I thought a bunch and decided how much work i wanted to put in, and how much money i wanted to spend, and came up with a plan for a better system.

Phase 1 will be running the 6 channels of RCAs, some 2 Ga power wire i had laying around, along with pertinent speaker wire. I'll also be building a nifty little combo sub box/amp rack that will bolt up to the underside of the deck and hang down in the trunk 8" or so. The sub will probably be an 8" Alpine Type R. The amp will be a Clarion APX600.5

Phase 2 will be building some kick panels, and installing some still un-purchased mids in them, and tweeters in the stock locations. They will be running active straight off the Clarion APX600.5

Rear fill off the head unit perhaps.

So anyway... Lets get to the building.

My amp was about 16"x9"x2". I wanted to get a box around .6 Cubes, ported, tuned to around 33-35Hz, and i wanted it all to fit in my trunk with very little space sacrifice...

So i started looking around in the trunk and decided i was going to try to put it on the underside of the deck. I figured i could fit my sub enclosure, and amp all in a fairly compact package up under there. So i started planning and designing:

Ill spare you the whole process, but i ended up here:

This is a screenshot of the design in inventor so you can see that the ports actually extend into the chamber a bit.

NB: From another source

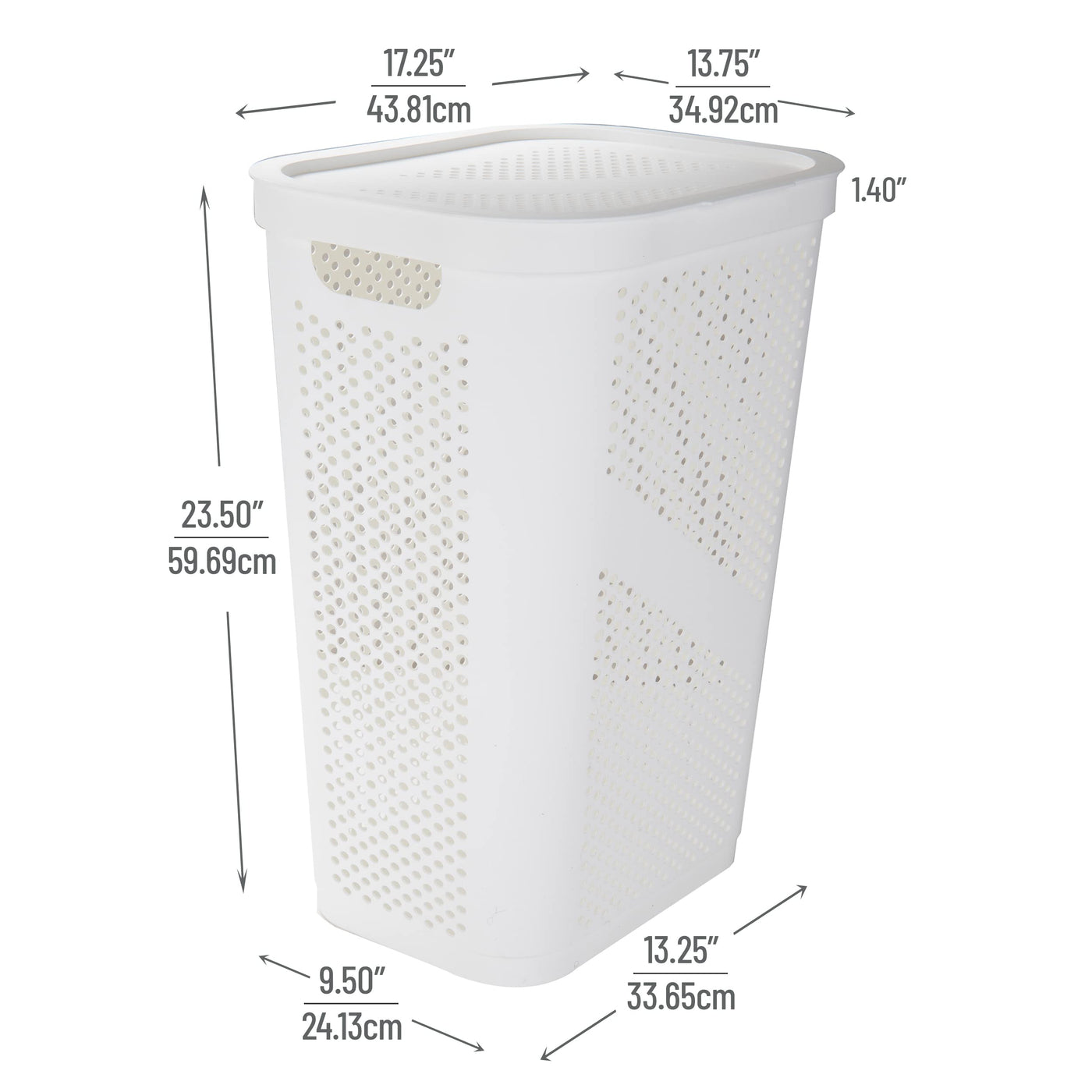 - Q: What are the dimensions of the Mind Reader Slim Laundry Hamper? A: The dimensions of the Mind Reader Slim Laundry Hamper are 17.25 inches long, 13.75 inches wide, and 23.5 inches high.

This is what it will look like roughly when i'm done, I'm planning to bedliner it black, that silver thing is a rough mockup of the amp... should fit right in there:










So lets build!
I cut the whole thing up(with a skill saw!) and mocked it up to make sure it looked kosher:









I used a hole saw to cut out the 4 holes for the ports... the fit is nice and snug, and they line up good. I also used a jigsaw to cut open an opening that i could get to the adjustments on the end of the amp so i wouldnt have to unbolt the whole thing to change my gains:









Then i went ahead and glued it up and screwed it together and test fit the tubes:









Fits good! lets glue them badboys in!... I roughed up the spots where the glue would go with some sandpaper and used epoxy and just twisted them in. I inset the ends about a quarter inch to give me some bondo room:









That's as far as i got today... next up is cutting those 2 pieces to close up the box, cutting the hole for the sub, Bondo, sand, bondo, sand, and route off all the edges with a quarter round. Then bedliner....

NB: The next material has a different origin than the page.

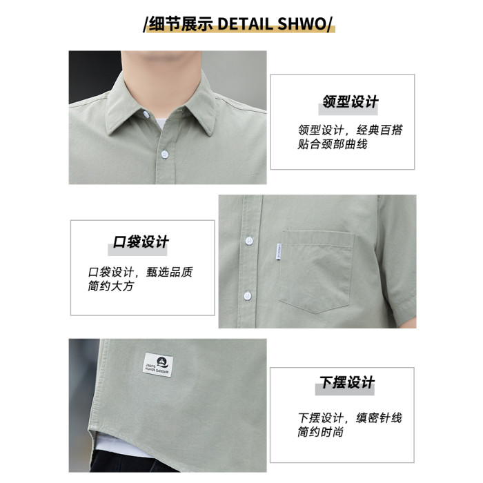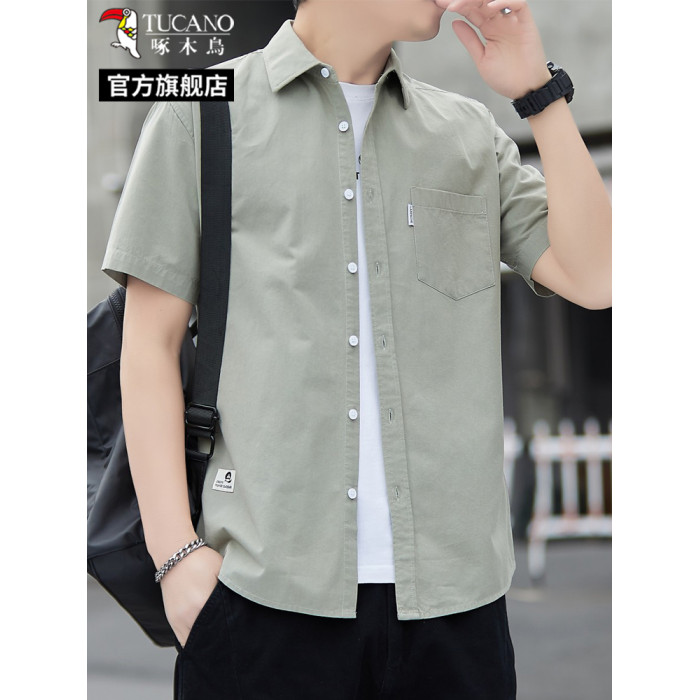 【100%純棉】啄木鳥男士短袖襯衫夏裝大碼寬松休閒口袋款襯衣男C

Other note: I plan to use a somewhat fancy mounting system to both isolate the whole thing from the car, and to isolate the amp from the sub enclosure... rubber washers, through bolts... haven't worked it all out yet, but just in case you were wondering...


----------



## m3gunner (Aug 6, 2008)

Nice... I miss my B5...


----------



## hybridamp (Oct 10, 2006)

Very interesting design, love it so far!


----------



## hurrication (Dec 19, 2011)

I'm watching this thread.. I just got a '98 a4 avant and am planning out a nice system also, so it will be interesting to see what you end up with up front.

Do you think you will have enough room in the kicks for 6"+ mids? I am 6'6" with a size 15 shoe, and the thought of there being any less space down in the kicks as is makes me cringe.. Because of this, I'm just going to stick with 5.25's in the doors and do everything I can to dampen/seal the doors.


----------



## brandontw (Jan 21, 2012)

hurrication said:


> I'm watching this thread.. I just got a '98 a4 avant and am planning out a nice system also, so it will be interesting to see what you end up with up front.
> 
> Do you think you will have enough room in the kicks for 6"+ mids? I am 6'6" with a size 15 shoe, and the thought of there being any less space down in the kicks as is makes me cringe.. Because of this, I'm just going to stick with 5.25's in the doors and do everything I can to dampen/seal the doors.

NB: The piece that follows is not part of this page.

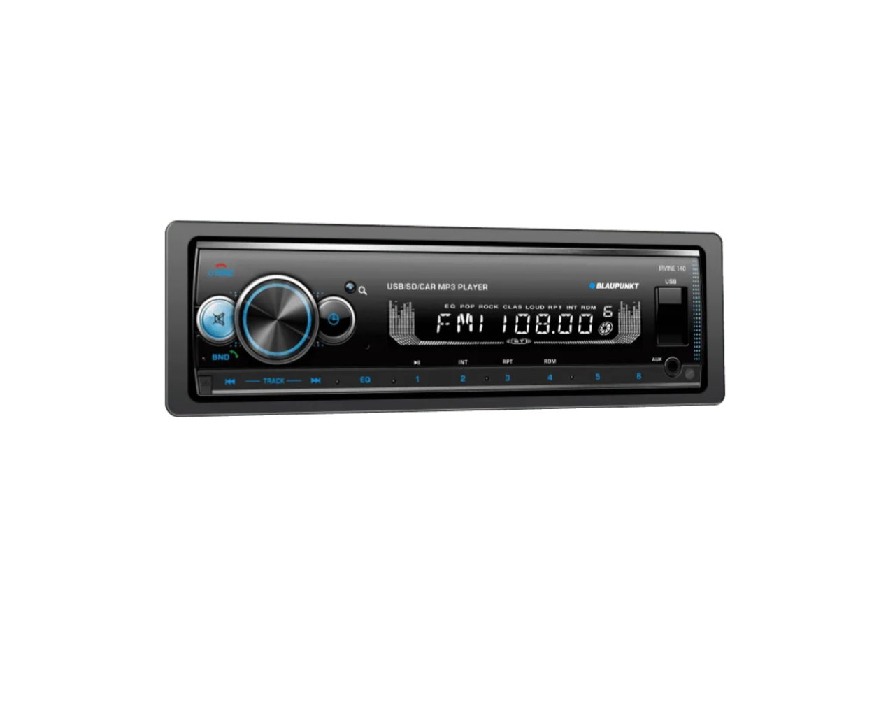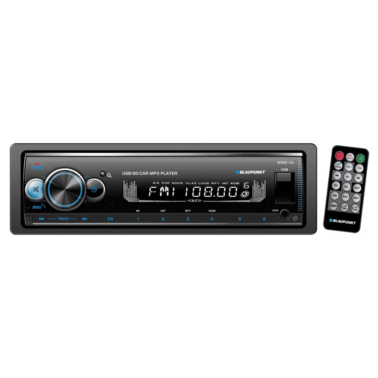 The Blaupunkt Irvine 140 is a 1-DIN car multimedia player designed to enhance your driving experience. With 4 x 10W of powerful audio output, this mechless unit eliminates the need for a CD player, allowing a sleek design that focuses on digital media. Whether you're streaming music through Bluetooth, plugging in a USB drive or SD card, or tuning into your favorite radio station with 30 AM/FM presets, the Irvine 140 ensures that your drive is filled with high-quality sound. Add a subwoofer to take the bass to the next level and feel the beat.

Well, ive already got some Dayton RS-180's in the mail (7"), and started moving all the wires out of the way yesterday, so i dang well hope i can fit them in there, and im going to do my best to not intrude on my foot-room too much, but we'll just have to see how it goes. Its an experiment after all...!

In case you haven't seen... here's a semi-usefull A4 kick panel thread...
Fiberglass Kickpanel Tutorial - AudiForums.com

I say semi-usefull because i have no idea how he moved all of those wires that far out of the way. I did my drivers side yesterday and it was at least an hour of cussing, and "wtf am i doing" moments, and my results are not as good.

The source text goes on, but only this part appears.